If you feel a fan is necessary, you can always make a little AC to DC supply and run a 12DC fan off that. It'll be very quiet.


----------



## traynor_garnet (Feb 22, 2006)

Why not simply buy a longer speaker cable and set the head further away from the cab and mic? Your mic isn't going to pick up that fan from any distance, especially if you are playing above whisper levels (which I assume you are given your choice of rig).

TG


----------



## greco (Jul 15, 2007)

@nonreverb...I have always wondered if AC fans tend to be noisy because they are AC, and therefore cause some sort of "electrical" noise, or because they move a large volume of air....or both?

Thanks

Cheers

Dave


----------



## nonreverb (Sep 19, 2006)

Like a transformer, induction fans generate some alternating magnetic fields around them. You shouldn't have too much problem though with them inducing hum on signal lines if that's what you mean by "electrical". I know they certainly can cause problems with Hammond organs as their matching transformers are 5000/1 turns ratio and are located close to the top edge of the cabinet in certain models.
I think most if not all the noise is due to old dirty armatures, bearings or bushings and the inherent hum they emit themselves.



greco said:


> @nonreverb...I have always wondered if AC fans tend to be noisy because they are AC, and therefore cause some sort of "electrical" noise, or because they move a large volume of air....or both?
> 
> Thanks
> 
> ...


----------



## bolero (Oct 11, 2006)

traynor_garnet said:


> Why not simply buy a longer speaker cable and set the head further away from the cab and mic? Your mic isn't going to pick up that fan from any distance, especially if you are playing above whisper levels (which I assume you are given your choice of rig).
> 
> TG


hey not a bad idea, I can even just put the head BEHIND the 8x10 cab, that might block

I believe some of the noise is coming thru the speakers too though, due to mech vibration it shakes the head pretty good


----------



## nonreverb (Sep 19, 2006)

That would suggest that the fan's rotation is very eccentric and that the tubes are really loose and are rattling. If that's the case, I'd check the tubes first. 
Fan or no fan, amp heads and especially combo amps get vibrated every time you play.
If, on the off chance the fan is inducing noise in the circuit, disconnect it or have the amp looked at to see where the noise is being induced.



bolero said:


> hey not a bad idea, I can even just put the head BEHIND the 8x10 cab, that might block
> 
> I believe some of the noise is coming thru the speakers too though, due to mech vibration it shakes the head pretty good


----------



## TheRumRunner (Sep 29, 2011)

Bolero, I had the same problem with my YBA-1A. As others have noted above, I installed a toggle to shut the fan off when needed.

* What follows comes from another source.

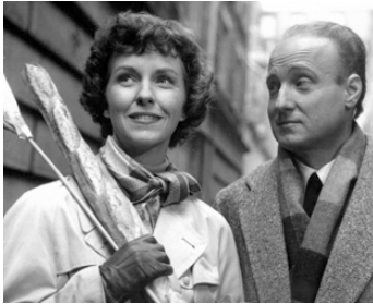
1955 RENCONTRES À PARIS de Georges Lampin avec Betsy Blair

In addition, much to my love for all things original. I replaced the fan that had seen more bars than 10 bar flies in 10 lifetimes. I did however scrape off the mojo dust for future useage - you can never have too much mojo dust.


















Replaced with...


















DW


----------



## bolero (Oct 11, 2006)

ha, that looks remarkably similar to the gunk on my fan before I cleaned it up 

I think I'll do that mod, makes a lot of sense

thanks!


----------



## Wild Bill (May 3, 2006)

Chris, tubes LOVE air flow! It dramatically increases tube life. Your amp will work fine without a fan but your 6550's won't last as long.

All the YBA-3s I ever worked on had a brand of fan that had a little removable cap in the centre that can be pried up. A drop or two of light sewing machine oil placed inside usually quiets them down. 

The bearings seem to hold up but the excess noise comes from lubrication having dried up over the years.

The suggestion to use a 12 volt DC computer power supply fan is a good one. Usually you can use the 6 vac filament supply and rectify it. Put a 2200 mfd 16 vdc or more filter cap on it and it will be smooth enough for a motor. With 6 volts and the motor loading the cap you will likely get about 8 vdc for the fan. This will mean the 12 volt fan will run slower - and thus quieter. You don't need a hurricane of air flow. As long as the air is constantly being pushed out of the cab and not being trapped as in an oven to get hotter and hotter it will be enough for the tubes.

Wild Bill


----------